On the ACT, Hart scored 35 out of 36. He had outperformed almost all of his peers, and on the basis of his ACT results, Hart was granted early admission to the University of South Carolina.
At the same time, the campaign to desegregate South Carolinaʼs school system began: In 1961, African-American students led over two hundred in a protest march against racial segregation. Hart was the one and only white student to join them.
"I happened to know some of the demonstrators," Hart said. "I went over and started talking to them." When this seemed to irritate the police, according to Hart, "I said, 'Screw you.ʼ And I joined the demonstration."
For standing up to the police, joining African-American students in a march for civil rights, and demanding equal access to education for all, Hart was thrown in jail, expelled from the University of South Carolina, and then chased out of town by the Ku Klux Klan.
Hart landed in Washington, D.C., and found work first as an ornamental sculptor, and then as an apprentice stone carver at Washington National Cathedral. This was where Hart honed his craft, studying the techniques of his mentors, the Cathedral's master carvers. A tight-knit crew of first-generation immigrants, many of them had served their own apprenticeships chiseling national monuments.
In 1974, Hart won an international competition to design the west facade of Washington National Cathedral. Ten years later, Hart attended the dedication ceremony for what would become one of his most famous works, a bronze sculpture of three servicemen, at the Vietnam Veterans Memorial in Washington, D.C., and the first representation of an African-American on the National Mall.
"The veterans who served in Vietnam were as diverse as the nation they represented. This statue is a symbol of their courage and devotion to their country." – Vietnam Veterans Memorial Fund
In 1993, Hart received an honorary degree of Doctor of Fine Arts from the University of South Carolina for his "ability to create art that uplifts the human spirit." The next year, Hart unveiled his portrait of Jimmy Carter outside the Georgia State Capitol in Atlanta. In 1997, he presented his spectacular acrylic sculpture, The Cross of the Millennium, to Pope John Paul II, who told the sculptor: "You have created a profound theological statement for our day."

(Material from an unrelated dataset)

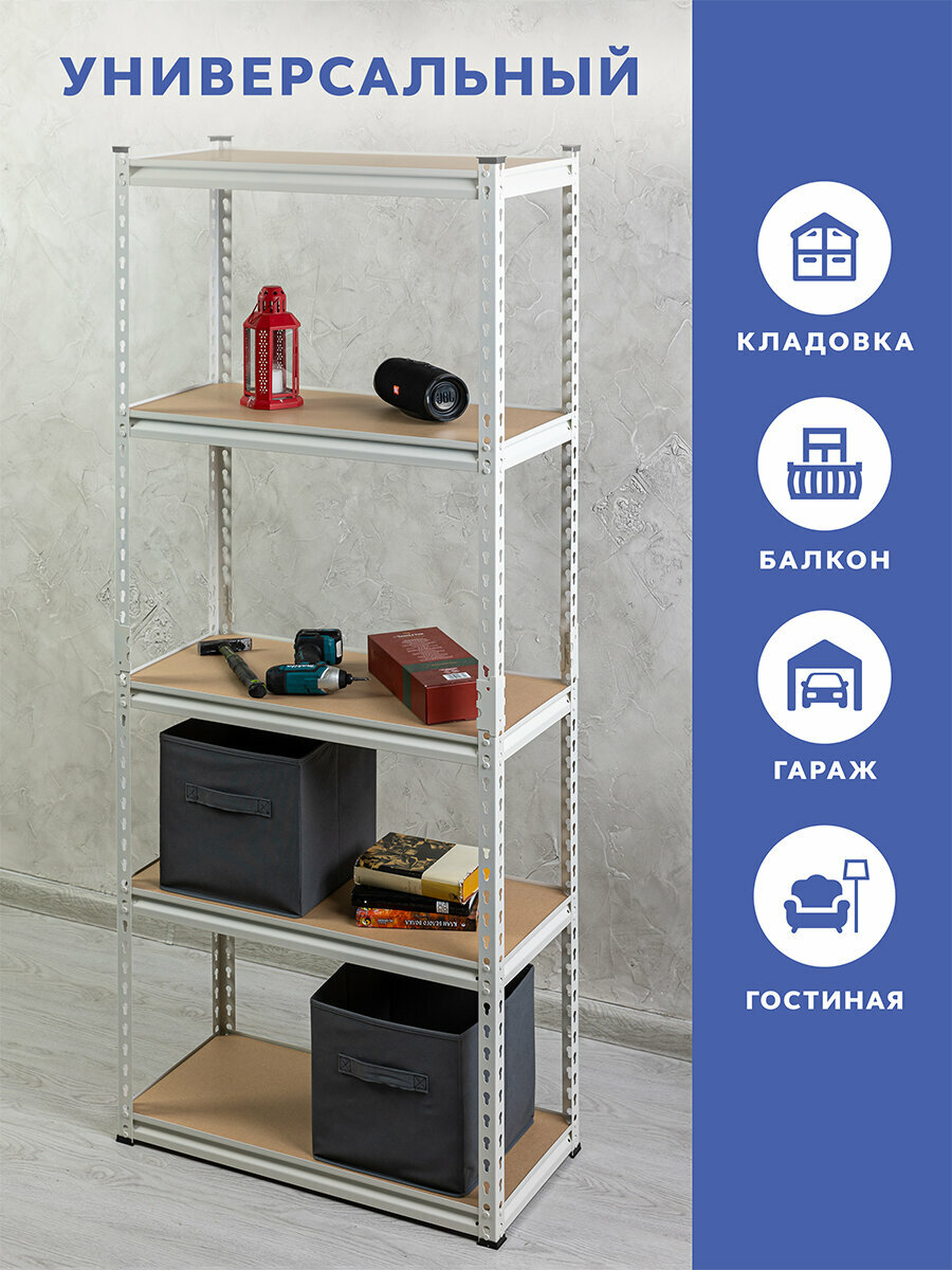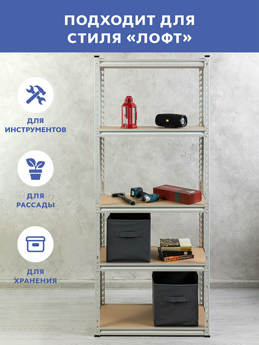 Стеллаж металлический безболтовой GASTRORAG GR-003-3, 5 полок МДФ, размеры 180х90х40 см, этажерка для кухни, мебель лофт, система хранения для дома, дачи и гаража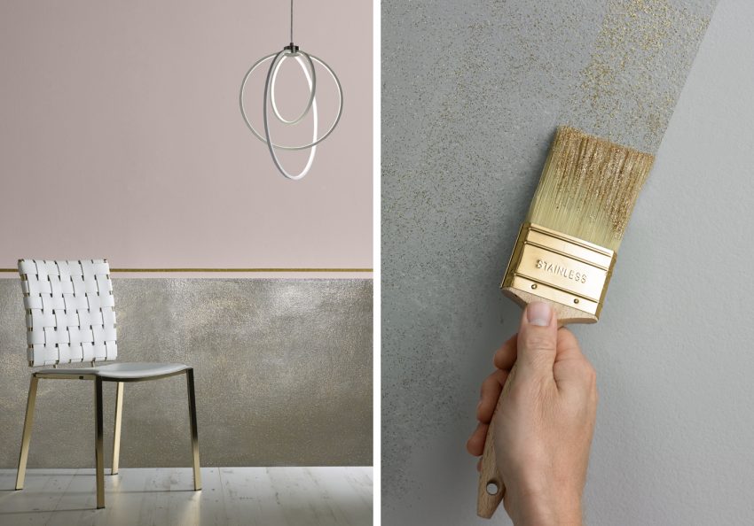 Voor een bijzondere styling van de keuken levert Graham & Brown een verf die letterlijk op de muur schittert. Een transparante, glanzende topcoat met gouden of disco glitters.

In 2005, the Hermitage Museum in Saint Petersburg, Russia, acquired Hart's sculpture, Songs of Grace. A pioneering work of art in clear acrylic resin, it represents what bestselling author Tom Wolfe described as Hart's "devotion to craft," and the "emotional, intellectual, and spiritual force" of his work. Mikhail Piotrovsky, Director of the Hermitage Museum, called Hart "a great sculptor, an American known all over the world."
In addition to the public monuments he created in Washington, D.C., and Atlanta, Georgia, many of the sculptures Hart produced for private collectors, like Songs of Grace, are now on public display. They can be seen throughout the United States, from Brookgreen Gardens near Myrtle Beach, South Carolina, to Our Lady of Lourdes Church in Oakland, California.
Though he died in 1999, Hart would be glad to see his life's work proliferating across the globe, to see his sculptures displayed in public parks and museums where anyone can enjoy them. As he said, "Art must be a part of life. It must exist in the domain of the common man. It must be an enriching, ennobling, and vital partner... It should be a majestic presence in everyday life."